Data extract:
----

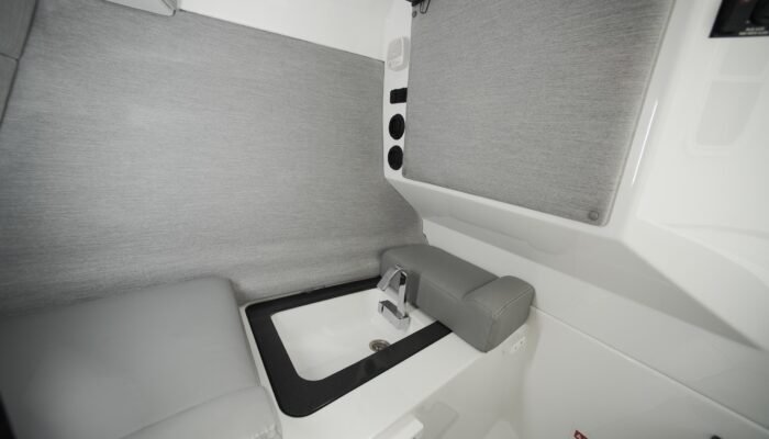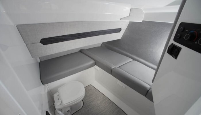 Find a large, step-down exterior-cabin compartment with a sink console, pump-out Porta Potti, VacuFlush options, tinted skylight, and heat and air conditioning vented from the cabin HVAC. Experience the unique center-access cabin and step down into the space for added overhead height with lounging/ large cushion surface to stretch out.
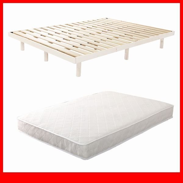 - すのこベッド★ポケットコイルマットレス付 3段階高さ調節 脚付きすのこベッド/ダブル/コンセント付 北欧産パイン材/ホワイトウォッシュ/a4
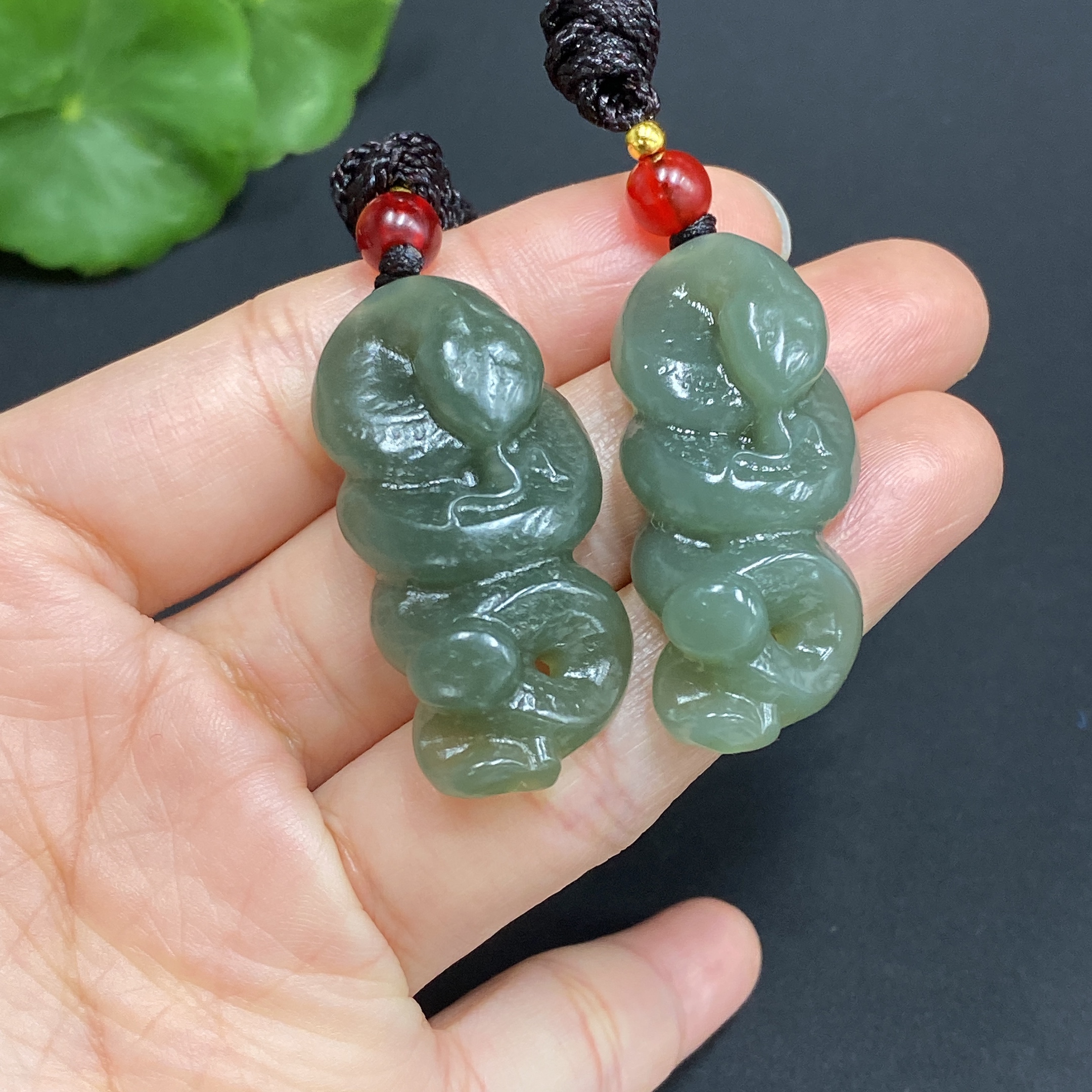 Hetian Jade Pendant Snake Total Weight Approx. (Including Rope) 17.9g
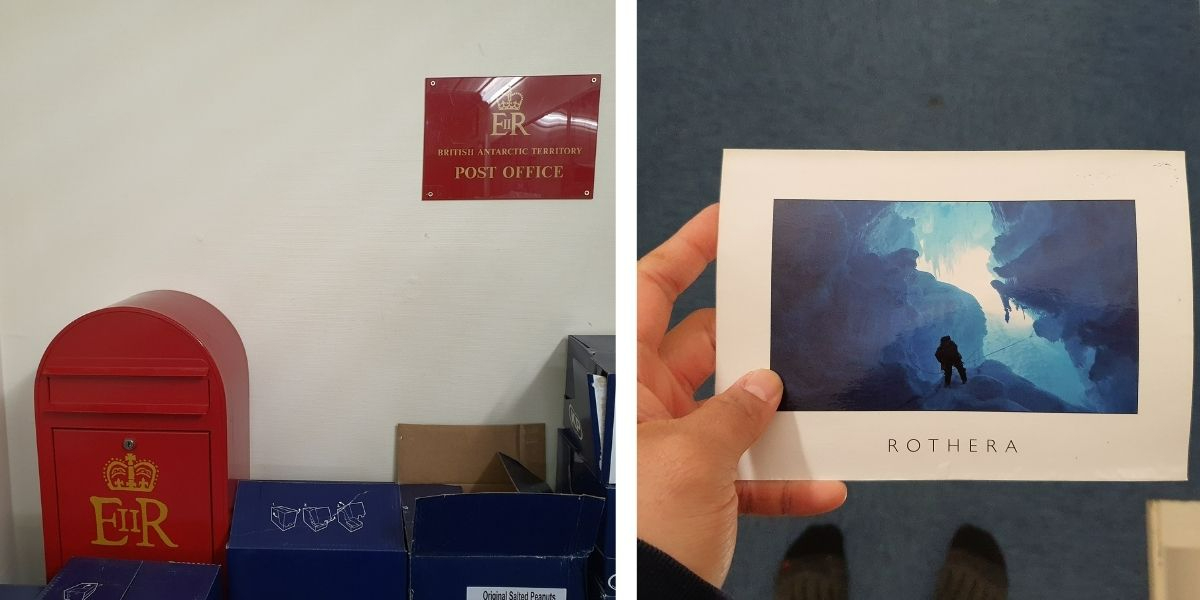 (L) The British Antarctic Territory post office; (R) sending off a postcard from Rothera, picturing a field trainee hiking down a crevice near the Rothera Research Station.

----

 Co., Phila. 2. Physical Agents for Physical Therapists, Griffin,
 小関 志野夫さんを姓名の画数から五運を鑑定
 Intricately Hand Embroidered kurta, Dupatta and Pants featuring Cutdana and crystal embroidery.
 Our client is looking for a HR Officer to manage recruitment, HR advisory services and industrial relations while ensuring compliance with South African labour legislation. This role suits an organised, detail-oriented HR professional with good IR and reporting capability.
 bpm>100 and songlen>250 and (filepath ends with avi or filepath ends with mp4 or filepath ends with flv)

----

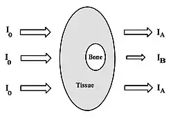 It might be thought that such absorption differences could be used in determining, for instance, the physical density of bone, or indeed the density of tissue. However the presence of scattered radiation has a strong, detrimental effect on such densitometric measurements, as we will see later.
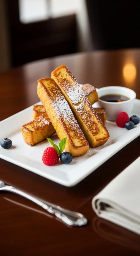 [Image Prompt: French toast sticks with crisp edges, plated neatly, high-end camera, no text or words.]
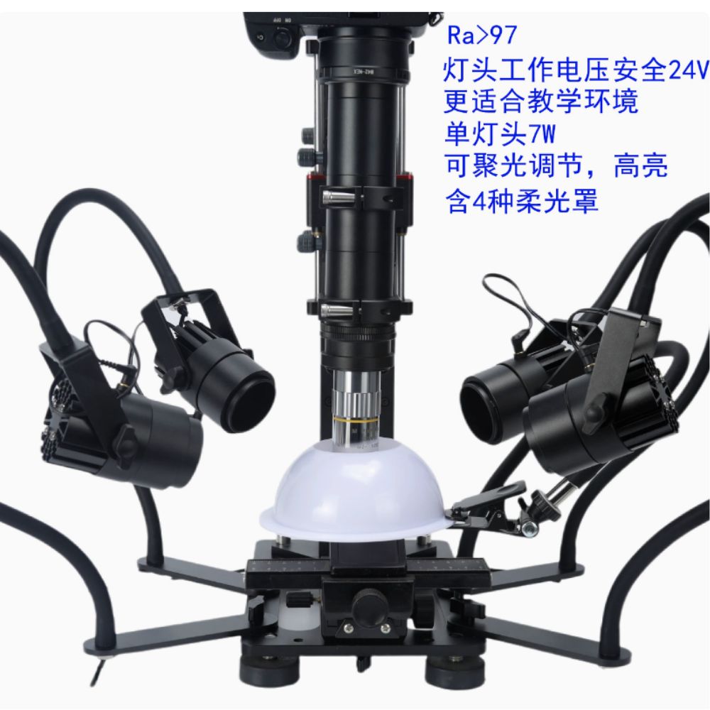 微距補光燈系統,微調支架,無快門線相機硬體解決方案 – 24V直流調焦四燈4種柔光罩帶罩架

----

Problem statement:
Leave out every picture, and copy exactly the lines above starting at the one holding "It might be" and ending at the one holding "微距補光燈系統,微調支架,無快門線相機硬體解決方案 – 24V直流調焦四燈4種柔光罩帶罩架", no more and no less.

Solved problem:
 It might be thought that such absorption differences could be used in determining, for instance, the physical density of bone, or indeed the density of tissue. However the presence of scattered radiation has a strong, detrimental effect on such densitometric measurements, as we will see later.
 [Image Prompt: French toast sticks with crisp edges, plated neatly, high-end camera, no text or words.]
 微距補光燈系統,微調支架,無快門線相機硬體解決方案 – 24V直流調焦四燈4種柔光罩帶罩架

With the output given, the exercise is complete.